I think I realized what was wrong with it. If I can't approach (-1,0) from the line y=mx then I can't approach it from the x axis, y axis, or z axis right?

So if I want to find the limit of this function
$\underset{(x,y)\rightarrow(-1,0)}{\lim}\frac{x(x+1)y^{2}}{(x+1)^{2}+y^{2}}$

I cannot test a line approaching (-1,0) by letting y=x as I can when looking for the limit when we approach (0,0).

Does this mean then that I should change the function to find the limit along different lines?

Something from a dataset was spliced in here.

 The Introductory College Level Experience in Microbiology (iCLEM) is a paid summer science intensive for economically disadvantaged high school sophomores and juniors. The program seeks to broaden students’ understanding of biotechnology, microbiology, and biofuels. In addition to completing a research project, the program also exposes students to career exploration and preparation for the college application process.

E.g. substitute (x-1) into x and then find the limit as (x,y) --> (0,0) will be the equivalent.

So

$$\underset{(x,y)\rightarrow(-1,0)}{\lim}\frac{x(x+1)y^{2}}{(x+1)^{2}+y^{2}} =\underset{(x,y)\rightarrow(0,0)}{\lim}\frac{(x-1)xy^{2}}{x{}^{2}+y^{2}}$$
right?

7. Apr 3, 2013

### jbunniii

Yes, this is correct.

Hint: consider applying the inequality $|xy| \leq \frac{1}{2}(x^2 + y^2)$ to
$$\left| \frac{(x-1)xy^2}{x^2 + y^2} \right|$$

8. Apr 3, 2013

### mrcleanhands

How did you get that inequality?

Also what do you meany by applying it to $$\left| \frac{(x-1)xy^2}{x^2 + y^2} \right|$$

9. Apr 3, 2013

### HallsofIvy

For any x, y, $(x+ y)^2= x^2+ 2xy+ y^2\ge 0$ so $-2xy\le x^2+ y^2$ and $(x- y)^2= x^2- 2xy+ y^2\ge 0$ so $2xy\le x^2+ y^2$.

So
$$\left|\frac{(x- 1)xy^2}{x^2+ y^2}\right|=\left|(x- 1)y\frac{xy}{x^2+ y^2}\right|\le\frac{1}{2}\left|(x-1)y\right|$$

10. Apr 3, 2013

### mrcleanhands

And this is related to epsilon delta proofing right? (struggling with at at the moment so can't really connect this)...

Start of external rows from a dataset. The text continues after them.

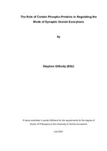 Gilbody, Stephen (2023) The Role of Certain Phospho-Proteins in Regulating the Mode of Synaptic Vesicle Exocytosis. Doctoral thesis, University of Central Lancashire.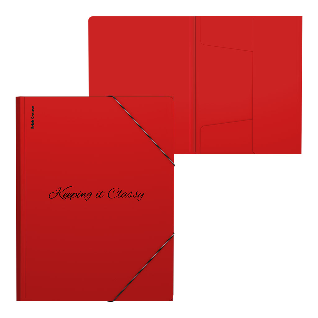 Папка на резинках пластиковая ErichKrause Classic Phrases, A4, красный (в пакете по 4 шт.)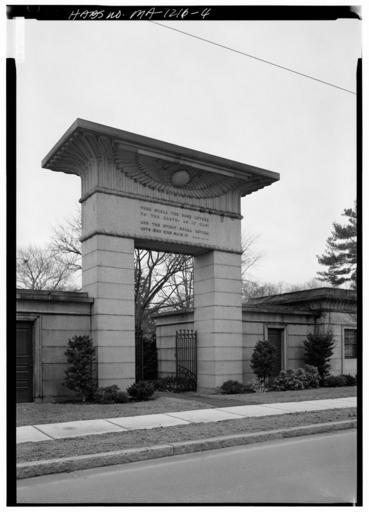 | Keywords: Main gate of Mount Auburn Cemetery - 080157pv.jpg Main gate of Mount Auburn Cemetery 580 Mount Auburn Street Cambridge Massachusetts USA Built 1843; architect Dr Joseph Bigelow These gates replaced an identical original built of wood in 1832 Historic American Buildings Survey HABS Library of Congress Prints and Photograph Division Washington D C 20540 USA Survey number HABS MA-1216 http //hdl loc gov/loc pnp/hhh ma1360 December 12 1987 1967 per HABS record Jack E Boucher Public domain - Origianl work of the US Federal Government Main gate of Mount Auburn Cemetery PD-USGov |

Btw I'm not supposed to use epsilon delta proofing to test the limit in this question. Just supposed to approach it from different lines which I haven't succeeded in doing thus far.

11. Apr 3, 2013

### jbunniii

OK, going back to your original expression:
$$\frac{x(x+1)y^{2}}{(x+1)^{2}+y^{2}}$$
what limit do you get if you approach $(-1,0)$ along the line $y = 0$?

12. Apr 3, 2013

### bayan

Removed

Last edited: Apr 3, 2013
13. Apr 5, 2013

### mrcleanhands

$f(x,0)=0$

14. Apr 5, 2013

### jbunniii

So what can you conclude?

15. Apr 5, 2013

### mrcleanhands

I didn't think you could conclude anything from that apart from what it is, approaching (-1,0) along the y axis produces a limit of 0 but that doesn't mean it's true for the whole function etc

16. Apr 5, 2013

### jbunniii

If the function was continuous at (-1,0), then the limit would have to be the same, no matter what direction you approach from. And what would the limit have to equal?

17. Apr 5, 2013

### mrcleanhands

0, same as approaching (-1,0) from the line y=0

18. Apr 5, 2013

### jbunniii

No, look at how the function is defined at (-1,0). What would the limit as (x,y) approaches (-1,0) have to be in order for the function to be continuous?

19. Apr 5, 2013

### mrcleanhands

I'm not following :(
What do you mean what would the limit have to be for the function to be continuous?

For the function to be continuous the limit would have to be the same as (x,y) approaches (-1,0) from any directional line...

20. Apr 5, 2013

### jbunniii

What is the value of the function at (-1,0)? Doesn't the limit have to match that value if the function is continuous?